The ominous question: Alexa, how much time is left?
You have one timer, with about 23 minutes left, she says.
Plumbing the depths and finding nothing but shallows this morning. It’s usually when I can’t come up with something to say that I know this exercise is essential. That habit is, as Octavia Butler said, “persistence in practice”; that it will sustain me when there’s nothing here and when there must be (not that anyone other than me cares if something new is written here—I began this project with that notion at the forefront).
Alexa, how much time is left?
You have one timer, with about 15 minutes left.
Perhaps it is the remnants of fear induced by being surrounded by parents convinced that their child is the star of the show at my niece’s song-and-dance recital last night, a scene more foreign to me than Bradbury’s most outlandish excursions into the unknown, or the knock on the head from the bathroom cabinet door that splayed me out across the floor and sprung The Morkie into resuscitative action. This is what I will tell myself, anyhow.

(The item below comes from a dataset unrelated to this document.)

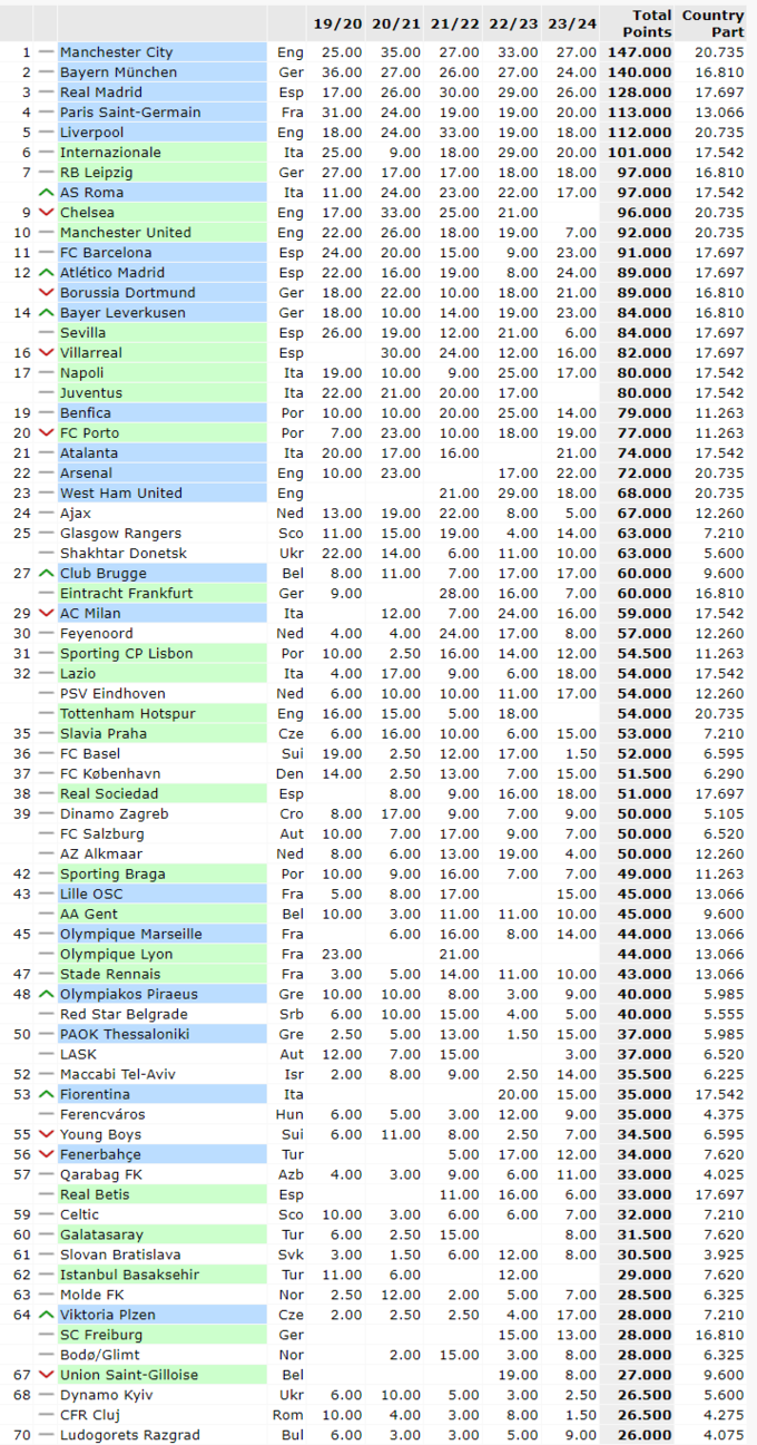 Среди грандов: уверенно лидирует Англия (103.678), а между Испанией (88.489) и Италией (87.712) продолжается сражение за второе место рейтинга.
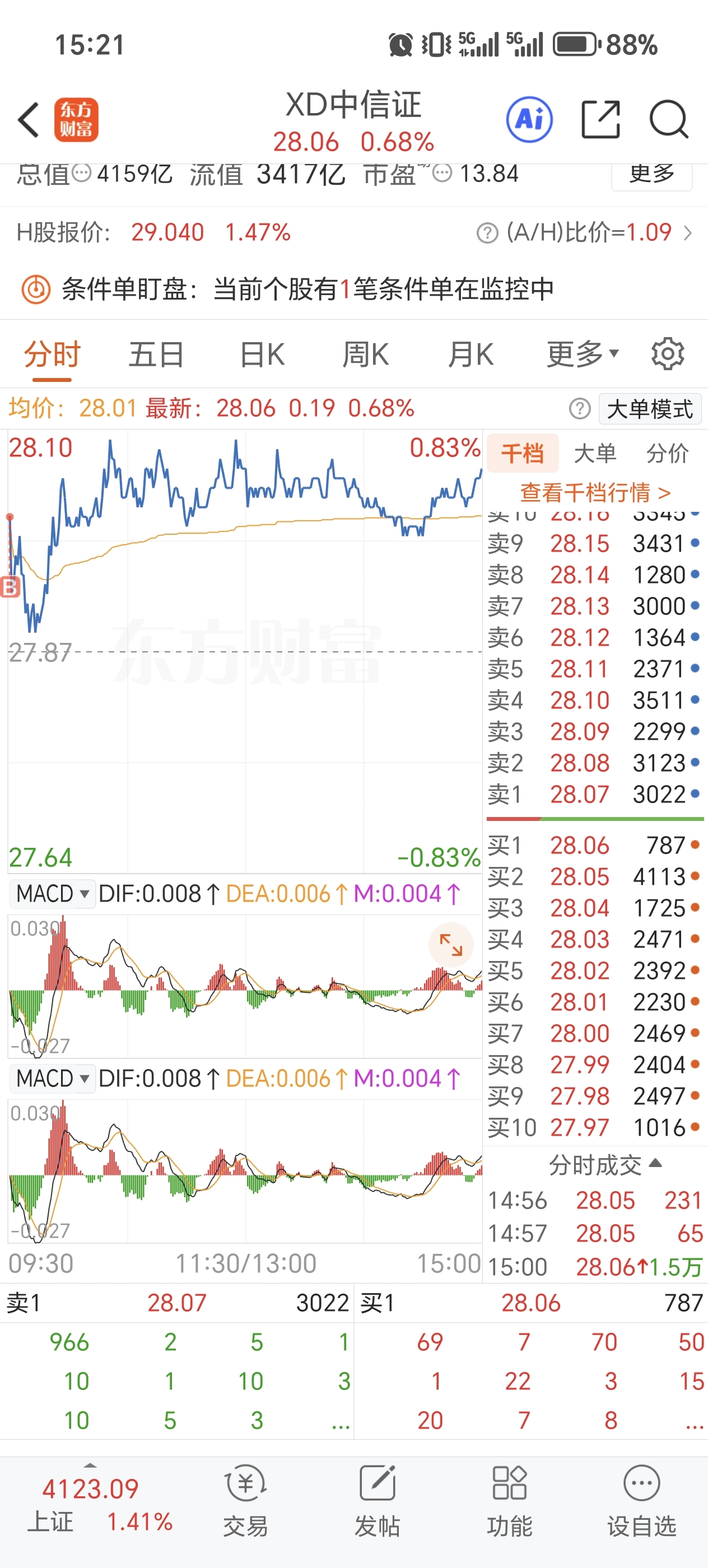 $XD中信证(SH600030)$ 分红加仓。继续熬。目标半年内40

Alexa, how much time is left?
You have one timer, with about two minutes and forty seconds left.
(Stares at the screen…)
Alexa, how much time is left?
(TW)
March 2, 2017
Quieting Down
I had begun to write a third post in a row on politics but I hated it. Hated the result, hated the subject matter. Unfortunately, that leaves me with little on my mind this morning which might be where I need to be.
Three word version of what I was writing: Sessions must go.
I’ve written a great deal about social media. Too much, probably. It holds a boundless fascination for me. Twitter, especially. It is both a source of anxiety and the place I go in a misguided attempt at alleviating that anxiety. It is both essential and superfluous. It is a tool and I am its tool.
I yearn to quiet it down. To feel that I’m able to do so. To read without the need to share, without the need to feed the beast of my own perception, without hunting for that quotable line that will fit in 140 characters. How, exactly, I get there, is anyone’s guess. But I don’t think it is through being present on Twitter as much as I have been of late (if one is ever truly present on Twitter). No matter what, posting here will continue. This has been one of the most creatively satisfying challenges I’ve created for myself. Not giving it up.
The priorities: writing, reading, learning, resisting, human-ing.